EXERCISE OBJECTIVE:
Starting with the line with "SongBook带有一个6." in the entries below and going on through the line with "El comité organizador", output every line exactly and nothing more. No pictures.
══════════
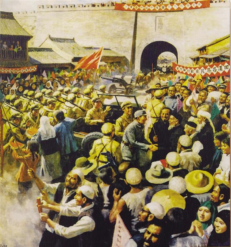 临夏各族群众欢迎人民解放军(油画)
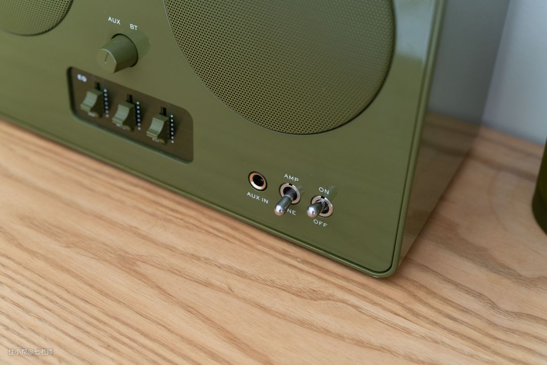 SongBook带有一个6.35mm音频输入接口,支持AUX IN,如果喜欢折腾,可以试试使用有线的方式将播放设备与音箱连接,我的黑胶唱机就是采用有线方式与SongBook连接,而有线连接呈现的声音质量又比蓝牙连接的方式稍好一些,虽然会损失一些方便程度,但更适合“慢节奏”沉下心去享受更好的音乐。
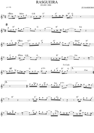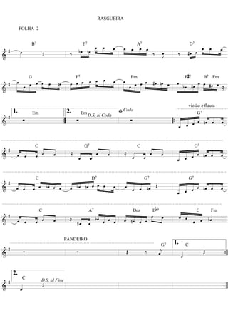 Le document semble être une partition musicale avec diverses notations et symboles pour des accords. Il contient des sections répétitives et des indications pour les interprètes, notamment pour des instruments tels que la flûte et le violon. Les éléments tels que des coda et des instructions de d.s. (dal segno) sont également présents.
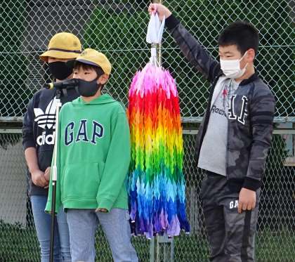 6年生からの呼びかけにより2週間にわたって取り組んだ「折り紙教室」で、二千羽以上の折り鶴が集まりました。
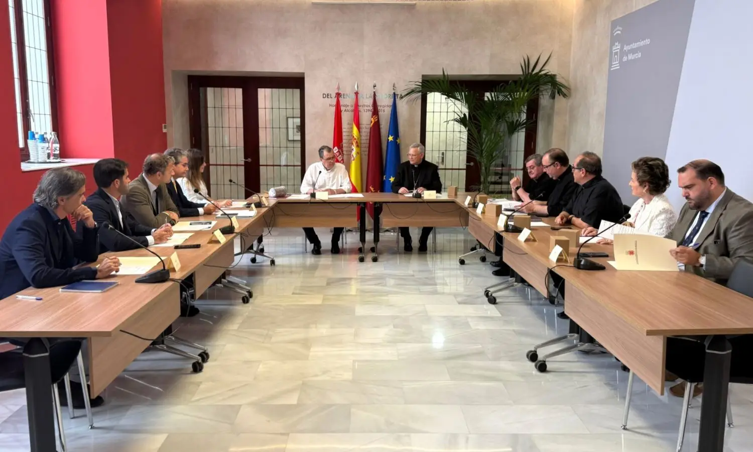 El comité organizador del centenario se ha reunido esta mañana con el alcalde de Murcia, José Ballesta, para presentarle los grandes actos previstos para este centenario. En la reunión estaban también la vicealcaldesa y concejal de Fomento y Patrimonio, Rebeca Pérez; el edil de Pedanías y Vertebración Territorial, Marco Antonio Fernández; el concejal de Turismo, Comercio y Consumo, Jesús Pacheco; y el concejal de cultura e identidad, Diego Avilés; y por parte de Cabildo acudía también el canónigo Maximiliano Caballero.
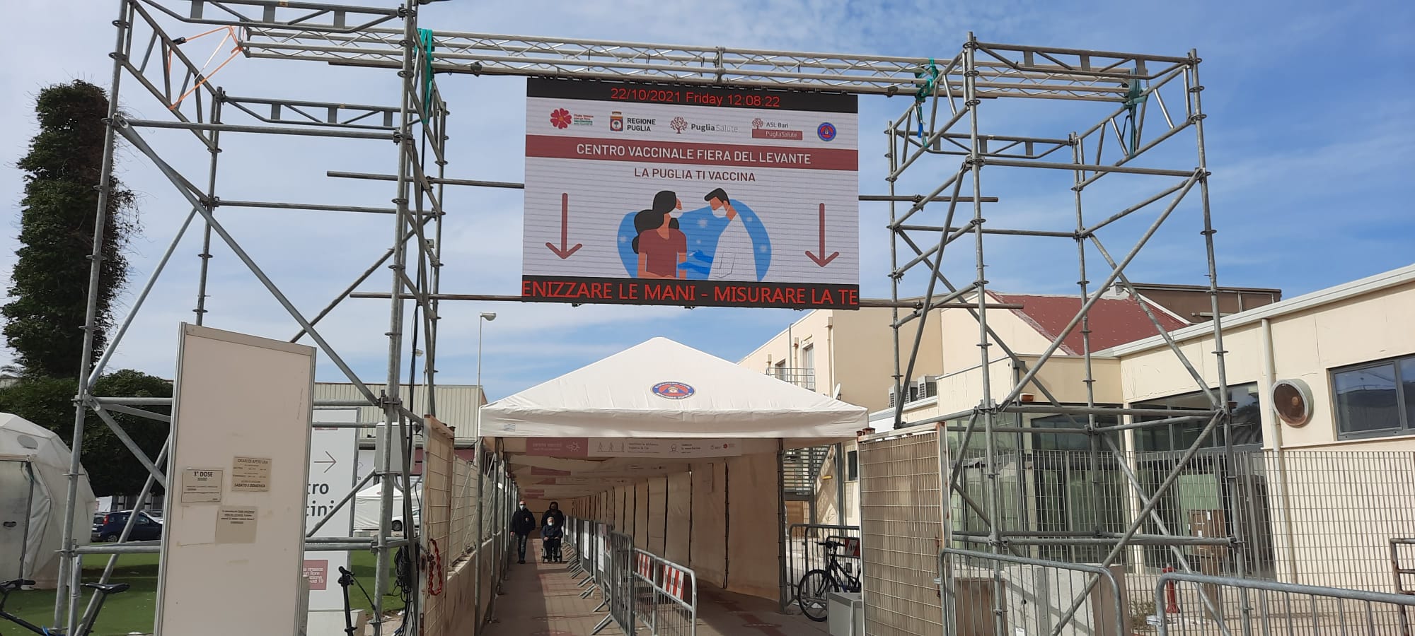 La campagna vaccinale nel territorio della ASL Bari ha totalizzato sino ad oggi 1 milione e 954.978 somministrazioni. L’impatto della grande adesione della popolazione over 12 si riflette sulle percentuali di copertura: 90% con almeno una dose di vaccino, 87% per il ciclo completo, un punto in più rispetto alla settimana precedente. Notevole l’effetto-traino garantito dalla popolazione over 60, vaccinata con prima dose al 97% e in modo completo al 95%, e dalla fascia 12-19 anni in età scolastica: l’86% dei giovanissimi ha già ricevuto la prima dose, l’81% (in crescita di due punti in una settimana) ha ultimato la schedula vaccinale. (in allegato foto hub Bari Fiera terze dosi)
══════════
WRITTEN REPLY:
 SongBook带有一个6.35mm音频输入接口,支持AUX IN,如果喜欢折腾,可以试试使用有线的方式将播放设备与音箱连接,我的黑胶唱机就是采用有线方式与SongBook连接,而有线连接呈现的声音质量又比蓝牙连接的方式稍好一些,虽然会损失一些方便程度,但更适合“慢节奏”沉下心去享受更好的音乐。
 Le document semble être une partition musicale avec diverses notations et symboles pour des accords. Il contient des sections répétitives et des indications pour les interprètes, notamment pour des instruments tels que la flûte et le violon. Les éléments tels que des coda et des instructions de d.s. (dal segno) sont également présents.
 6年生からの呼びかけにより2週間にわたって取り組んだ「折り紙教室」で、二千羽以上の折り鶴が集まりました。
 El comité organizador del centenario se ha reunido esta mañana con el alcalde de Murcia, José Ballesta, para presentarle los grandes actos previstos para este centenario. En la reunión estaban también la vicealcaldesa y concejal de Fomento y Patrimonio, Rebeca Pérez; el edil de Pedanías y Vertebración Territorial, Marco Antonio Fernández; el concejal de Turismo, Comercio y Consumo, Jesús Pacheco; y el concejal de cultura e identidad, Diego Avilés; y por parte de Cabildo acudía también el canónigo Maximiliano Caballero.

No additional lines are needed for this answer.